Expected Discovery Rate
Estimating the discovery rate solely on the basis of the distribution of significant z-values is harder. As a result, the estimates are not as good as the ERR estimates, but how good or bad are they?

Visual inspection of the plot shows biases for medium power, whereas high and low EDR estimates are better. The RMSE values show slightly better performance for the “EM” method, RMSE = .051 than the OF method, RMSE = .063. It is therefore recommended to use the “EM” method for final results.
The biggest underestimation / downward bias was -11 percentage points for OF and -7 percentage points for EM. The biggest overestimation / upward bias was 17% for OF and 16% for EM.
The next figure shows a follow-up simulation for the scenario with the largest overestimation (Simulation #41). To reduce sampling error further, I used k = 200,000 studies and the fast OF method (takes about 5 seconds).

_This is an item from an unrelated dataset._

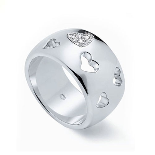 Anello fascia Molecole by Morellato, da donna, in argento 925 con cuori e cristalli bianchi.

The bias is much smaller showing that z-curve estimates of the EDR also have high large-sample accuracy and that the larger bias in the previous simulation was still influenced by sampling error. Of course, real datasets are smaller and will produce biased estimates, but that will be reflected in wide confidence intervals; a topic for another chapter.
The biggest upward bias was observed in a condition when most values were from the z2 component.

Conclusion
Motivated biases are one of the best documented examples in psychology. Simulation studies help researchers to test their intuitions against reality. I have learned a lot from simulations. However, in public simulations are often used to sell a specific method, or apparently to discredit a specific method by picking scenarios that work well or where a method performs poorly. It is therefore best to see the performance of a method with your own eyes. This tutorial makes it easy to run simulation studies and with a bit of R-coding or help from an AI to modify the simulation to try out other scenarios.

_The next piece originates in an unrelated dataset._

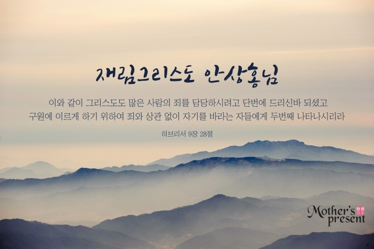 성경은 마지막 시대인 오늘날, 그리스도께서 사람되어 두 번째 이 땅에 오신다고 기록했다. 구원과 죄사함이 약속된 새 언약 생명의 진리가 종교 암흑세기 동안 완전히 없어졌기 때문이다. 일찍이 초림 예수님께서는 진리의 성령 즉 재림 예수님께서 이 땅에 오셔서 사라졌던 모든 초대교회의 진리를 회복하신다고 말씀하셨다(요14:26).

These results are limited to simulations with normal distributions and do not address uncertainty of estimates in smaller samples. Thus, good performance in these simulations is necessary, but not sufficient to trust z-curve results “in the wild.” Necessary means that bad performance in these simulations would have been the end of z-curve. Z-curve only exists because it does well in these simulations. Insufficient means that we need other simulations that are similar to real data to see how it performs in these settings.

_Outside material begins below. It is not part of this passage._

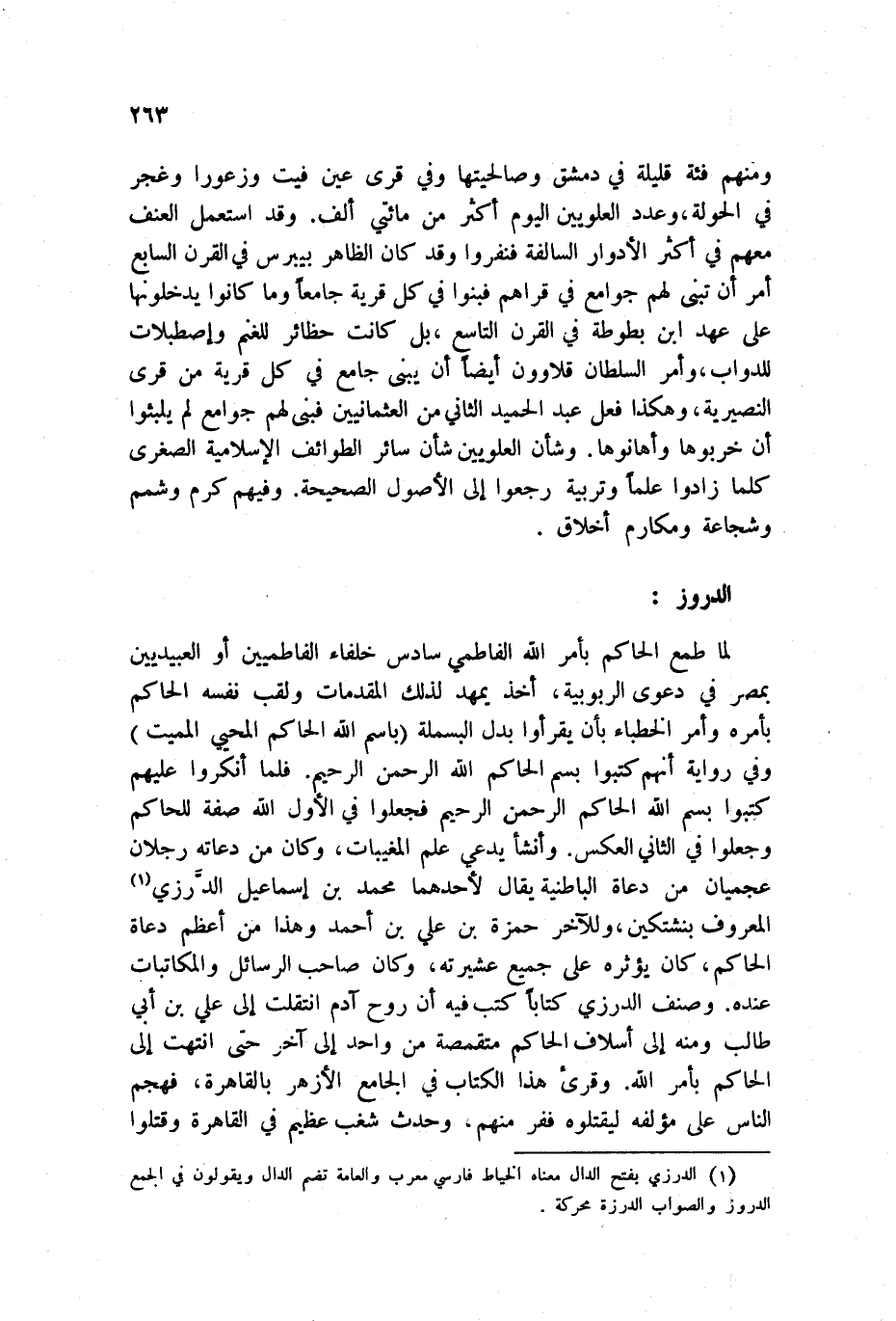 ومنهم فئة قليلة في دمشق وصالحيتها وفي قرى عين فيت وزعورا وغجر في الحولة، وعدد العلويين اليوم أكثر من مائتي ألف. وقد استعملوا العنف معهم في أكثر الأدوار السالفة فنفروا وقد كان الظاهر بيبرس في القرن السابع أمر أن تبنى لهم جوامع

At the same time, these results are sufficient to point out that some academics (teachers at universities, but not scientists who follow a code of ethics) make false claims about the performance of z-curve that are falsified by the evidence in published articles and the results in this tutorial. ..
“To date, we have only examined a limited set of scenarios. Yet, we have found relatively few instances in which estimates from the typical use of the 𝑍-curve approach (i.e., analyzing only 𝑝-values < .05) have performed well.”
So, this tutorial also taught you the importance of evaluating conflicting claims based on scientific evidence. Never trust a scientist. Trust the science. When you ask an AI, always ask for the supporting evidence and ask it to challenge itself. Often AI is more trustworthy because it does not love or hate z-curve. It doesn’t give a shit about z-curve and that makes it a better judge of z-curve’s performance.